Integrating GWA studies and eQTL data to predict complex trait gene targets

Virtually every ‘environmental disease’ is a multifactorial trait, i.e. contribution from hundreds if not thousands of genes plus epigenetic factors plus environmental effects (exposure to toxicants, prescribed and non-prescription drugs).  Genome-wide association (GWA) studies have identified thousands of genetic variants associated with human complex traits. However, the genes, or the functional DNA elements through which these variants exert their effects on each trait, are often unknown.

Authors [see attached] propose a method, called “summary data–based Mendelian randomization” (SMR) that integrates summary-level data from GWA studies with data from expression quantitative trait locus (eQTL) studies to identify genes whose expression levels are associated with a complex trait because of pleiotropy (i.e. when one gene influences two or more seemingly unrelated traits).

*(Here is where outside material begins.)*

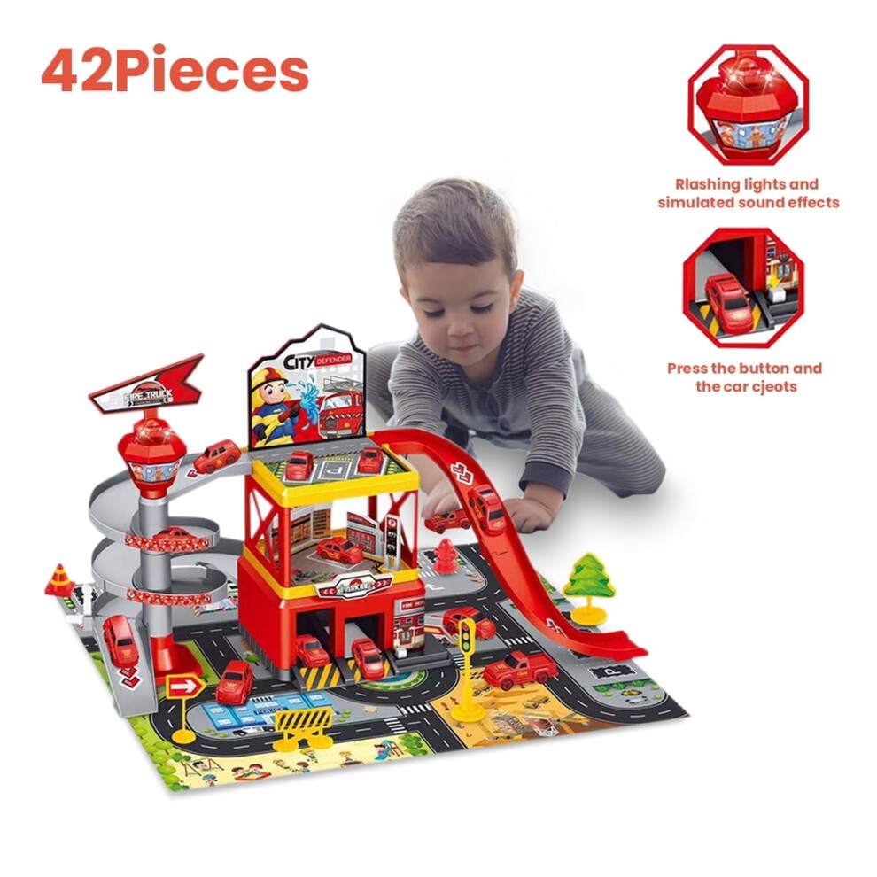 Parking Garage Toy Playset Interactive Car Ramp Track Toy Set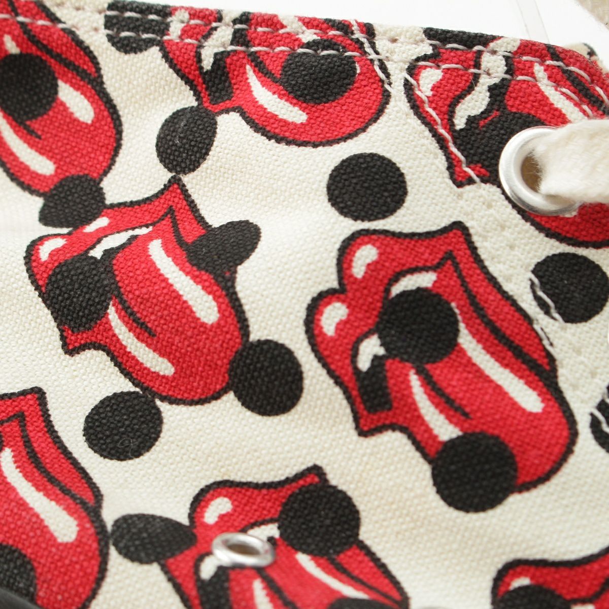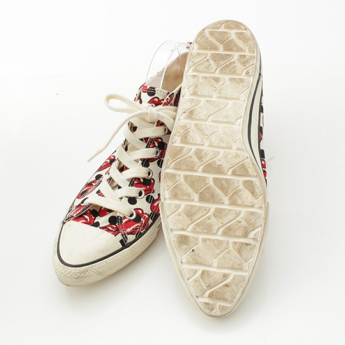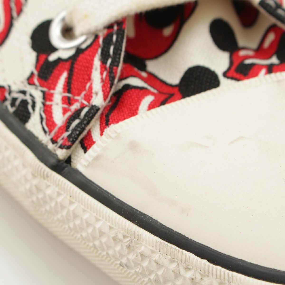 コムデギャルソンオムプリュス ローリングストーンズ キャンバス 総柄 スニーカー シューズ ホワイト レッド

Authors applied the method to five human complex traits using GWA studies data on (as many as) 339,224 individuals, plus eQTL data on 5,311 individuals. They prioritized 126 genes (e.g. TRAF1 and ANKRD55 for rheumatoid arthritis; SNX19 and NMRAL1 for schizophrenia). Of these 126 genes, 25 genes are new candidates; and 77 genes are not the nearest annotated gene to the highest-ranked associated GWA study single-nucleotide variant (SNV). These newly identified and prioritized genes should provide important leads into designing future functional studies for understanding the mechanism(s) whereby DNA variation leads to complex trait variation.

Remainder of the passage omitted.